◆ Requirement: Beginning at the line that holds "As the moon", transcribe each line exactly through the end of the records, and leave any pictures out.
Exercise data Block Start
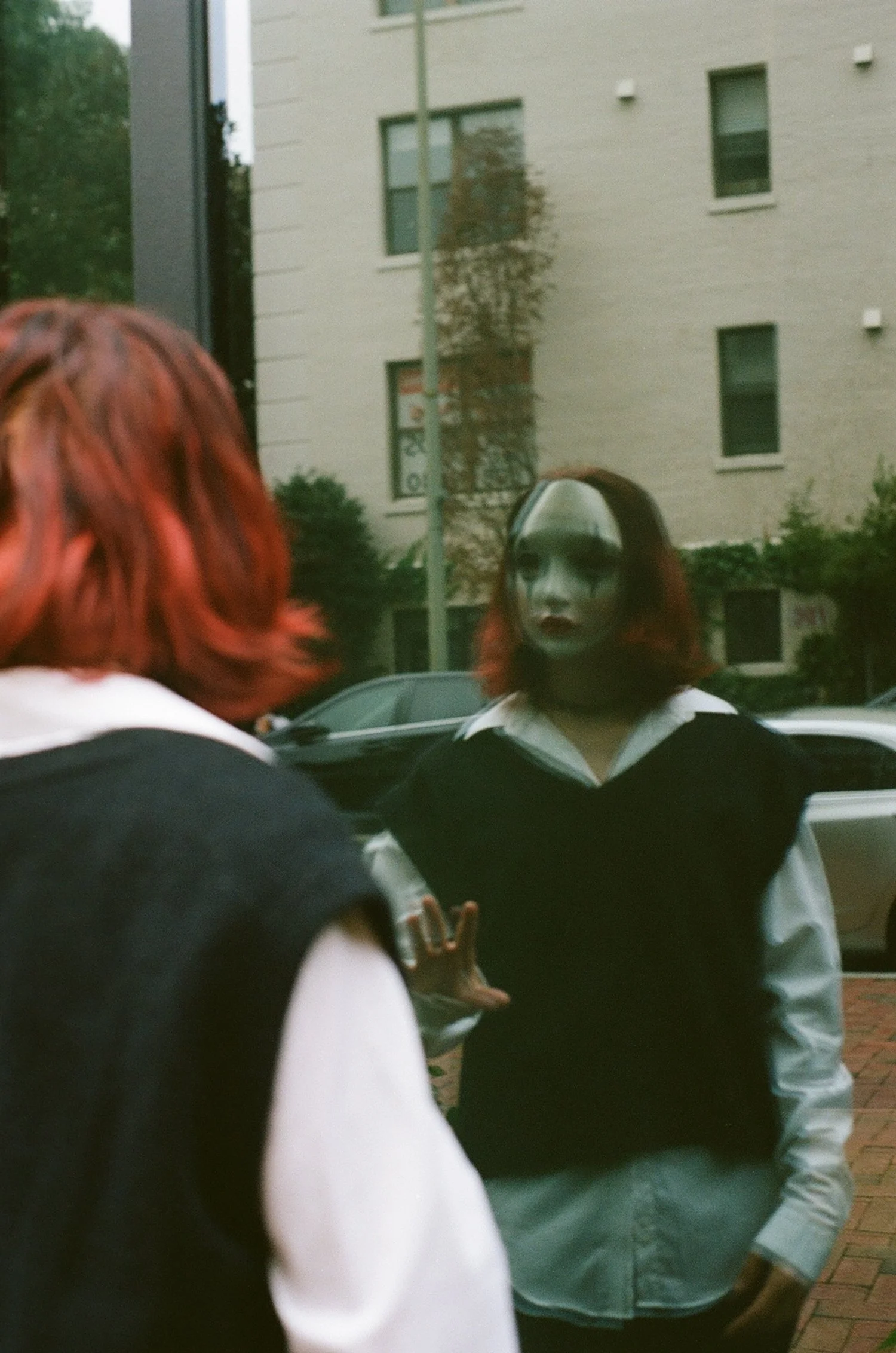What does it mean to perform humanity? Each model represents one archetypal emotion: Happiness/Infatuation, Anger/Destruction, Sadness/Isolation, Fear/Anxiety, and Hope/Longing. The sixth character, Mimic, is the culmination of these emotions and the central figure in an exploration of emotional presentation and social conventions. The ongoing clown motif throughout the series represents a fool-like play that happens when the pressure to conform is turned on its head. The masks limit the ability to be expressive and in combination with the makeup solidify the identity of the characters as only one thing, forever forced into a box. It also alludes to the idea of neurodivergent masking, in which a person “camouflages their natural personality or behavior to conform to social pressures”.
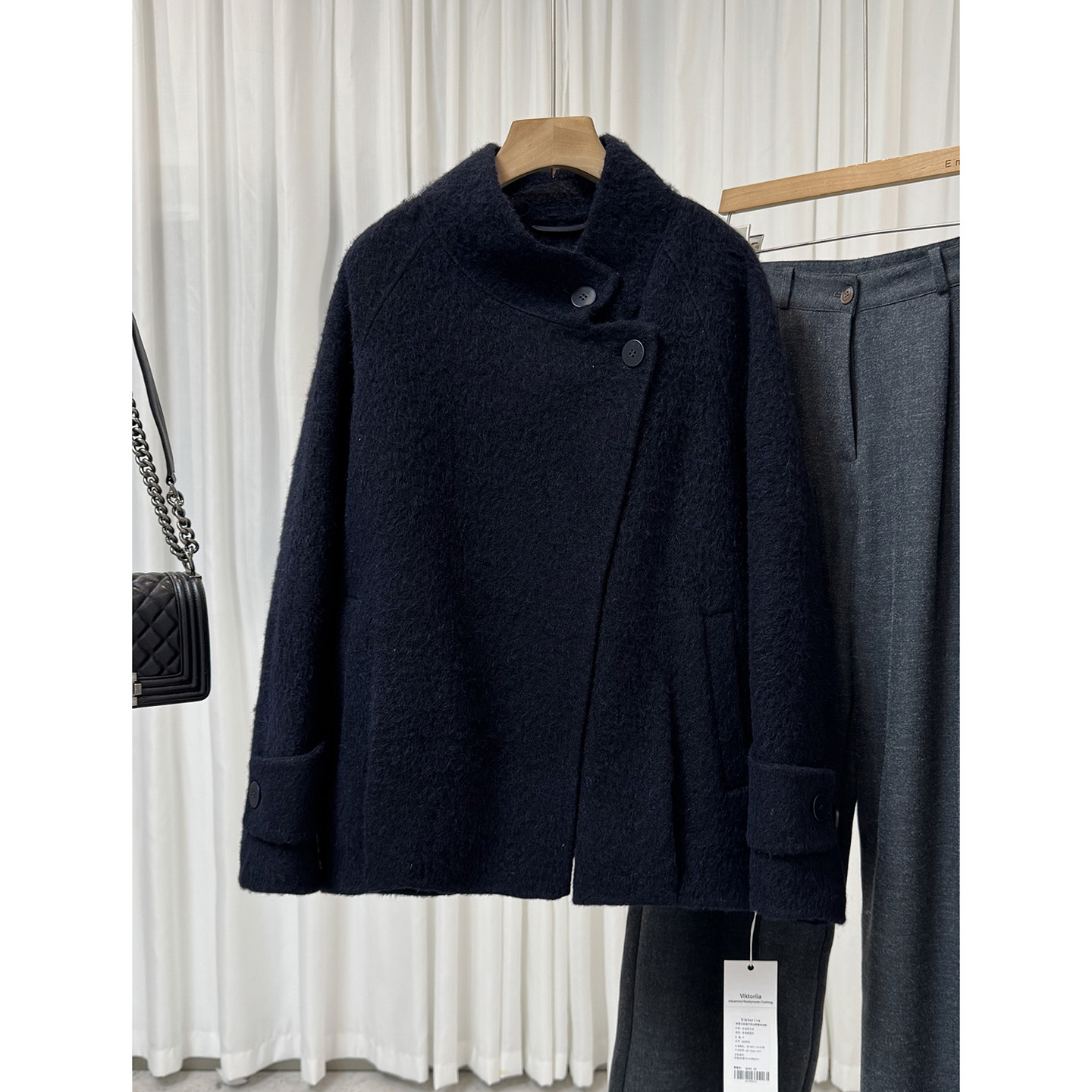 秋冬款65%羊毛双面呢大衣女短款小个子立领洋气时尚外套N4948
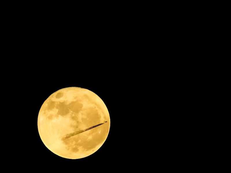 As the moon rules the frame, the fading jet plume accentuates its glow, inviting thoughts of enchanted silhouettes crossing the lunar disc.
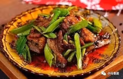 2. 鍋置旺火上,加入混合油燒熱,下入肉片煸炒出香,肉片起卷出油加入豆瓣和豆豉炒香炒出色,調入鹽、醬油炒勻,最後下入青蒜苗炒勻即可出鍋裝盤。
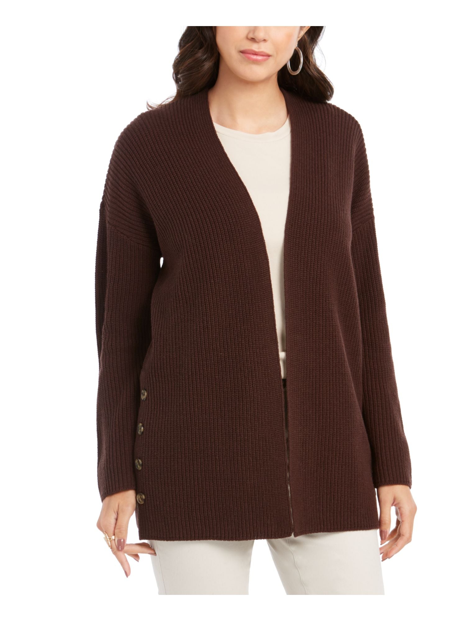 Cardigan feminino aberto de manga comprida estilo & co, marrom, tamanho PS
Exercise data Block End
◆ Written answer:
 As the moon rules the frame, the fading jet plume accentuates its glow, inviting thoughts of enchanted silhouettes crossing the lunar disc.
 2. 鍋置旺火上,加入混合油燒熱,下入肉片煸炒出香,肉片起卷出油加入豆瓣和豆豉炒香炒出色,調入鹽、醬油炒勻,最後下入青蒜苗炒勻即可出鍋裝盤。
 Cardigan feminino aberto de manga comprida estilo & co, marrom, tamanho PS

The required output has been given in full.